A text popped up on my phone. It was my sister. “He’s single” it said. Since my divorce her matchmaking skills have fallen flat to say the least, so it’s not surprising I ignored the text and carried on about my day. It wasn’t until the headline caught my attention later in the day that I discovered who she was referring to: “Bill and Melinda Gates are ending their marriage after 27 years.”
Three thoughts came to mind: first, I would need to set my sister straight. All seniors are off limits, even Bill Gates. Second, 27 years is actually impressive for the Microsoft mogul and his wife. Finally, having just gone through my own divorce, I wondered what advice I would give a couple with a collective net worth of $150 billion. Will their divorce be different right out the gate (sorry, I couldn’t help myself), or could the following lessons learned from my own divorce still apply?
Here’s What I Learned From Divorce
1. Focus on what is acceptable, not what is fair
Attorney Beth McCormack of Chicago-based family law firm Beermann LLP discourages her clients’ use of the word “fair” preferring they replace it with “acceptable” – and for good reason. Fair tends to be subjective. What is fair to one may be not seem fair to the other, whereas acceptable is slightly more black and white. A smart strategy would be to consider a range of acceptable settlement outcomes and keep your eye on the long game. As the case unfolds, whether you are a high-net-worth couple or not, the reality is you are not going to get exactly what you want and at times this won’t always seem fair.
While the minutia and complexity of your case hopefully pales in comparison to the Gates’, the fact remains that you will face several curveballs along the way and focusing on an acceptable outcome rather than becoming derailed by what is not fair, will save you thousands in attorney’s fees and significant angst. Finally, having a mentality of what is fair tends to enable a victim mindset, whereas acceptable puts you back in the driver’s seat encouraging accountability for a happy and fulfilled life post-divorce.
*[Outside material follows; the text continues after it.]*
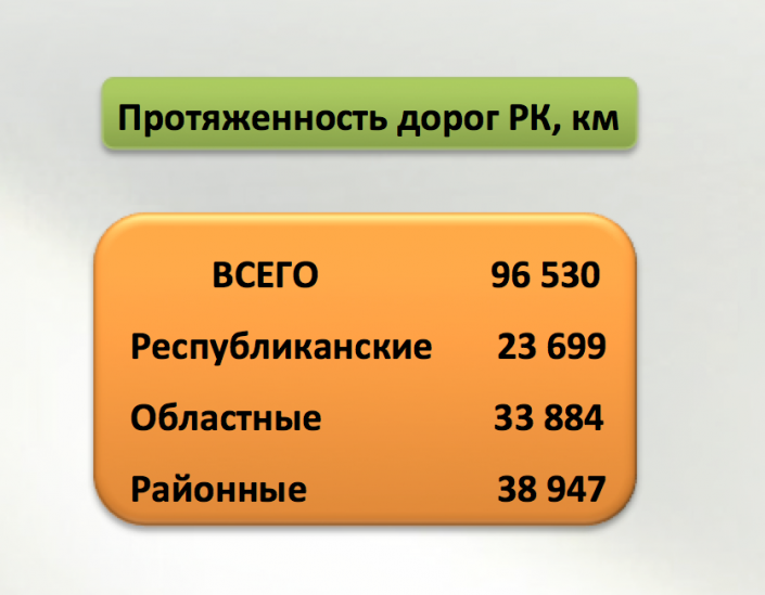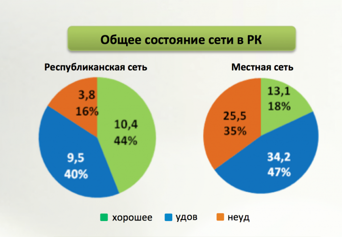 Как рассказал сотрудник Комитета автомобильных дорог МИР РК Максат Баяхмет, по состоянию на начало 2016 года из 23 699 километров республиканской сети 44 процента находится в хорошем состоянии, 40 процентов – в удовлетворительном, а 16 процентов в неудовлетворительном. По оценкам Комитета автодорог, 47 процентов (34,2 тысячи километров) местной сети (дороги областного и районного значения) находится в удовлетворительном состоянии, 35 процентов в неудовлетворительном, а 18 процентов в хорошем состоянии.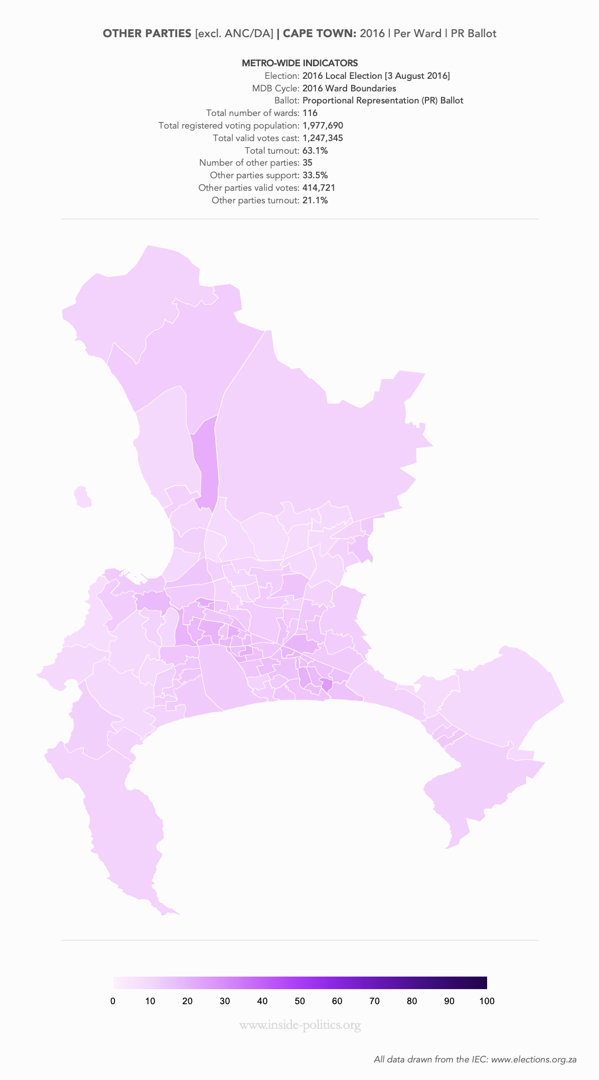 Heat Map: Cape Town | 2016 | Other Parties Support by Ward

2. Organize, organize, organize
No matter the size of your bank account, separating your assets can be scary. It can also be a great opportunity to get organized and really understand where your money is and how it can ultimately work for you. It is not uncommon for one spouse to be less involved in the finances, particularly if they have been out of the workforce to raise children.
If this was you, the discovery phase of your divorce will seem daunting, requiring you and your spouse to disclose everything in your name such as accounts, tax statements, credit card debt and pay stubs to name a few. At times it may seem like you are handing over your life on paper, and in many ways you are. However, since this is a requirement, why not use the time wisely to get smart in areas you may have historically overlooked?
If you still seem overwhelmed, a Certified Divorce Financial Analyst (CDFA) may be well worth the fee as they have both the legal knowledge and financial acumen to help you get from point A to point B and to set long-term financial goals. Even if you engage a CDFA, a hands-on approach will serve you in the long run as any good analyst will educate you and answer questions along the way. Much like spring cleaning a house, going through the financial discovery process is tedious and can be intimidating, but once behind you, you will feel so empowered and in a much better position to make informed decisions about your money.
3. Avoid big decisions
Unless absolutely necessary, divorce is not a time to make rash decisions or changes to other areas of your life. Whether it is a new love interest, job change, or move to another city, it would behoove you to wait until the dust has settled. These distractions could compromise more pressing decisions during a time when clarity of mind is absolutely crucial. This is particularly important when children, the collateral damage of divorce, are involved. Remind yourself that they did not sign up for this. They need to feel that they are your priority during a transition that affects their lives even more than yours. If not for you, then for your children’s sake, try and maintain as much stability in their lives until they (and you) adjust to the new normal.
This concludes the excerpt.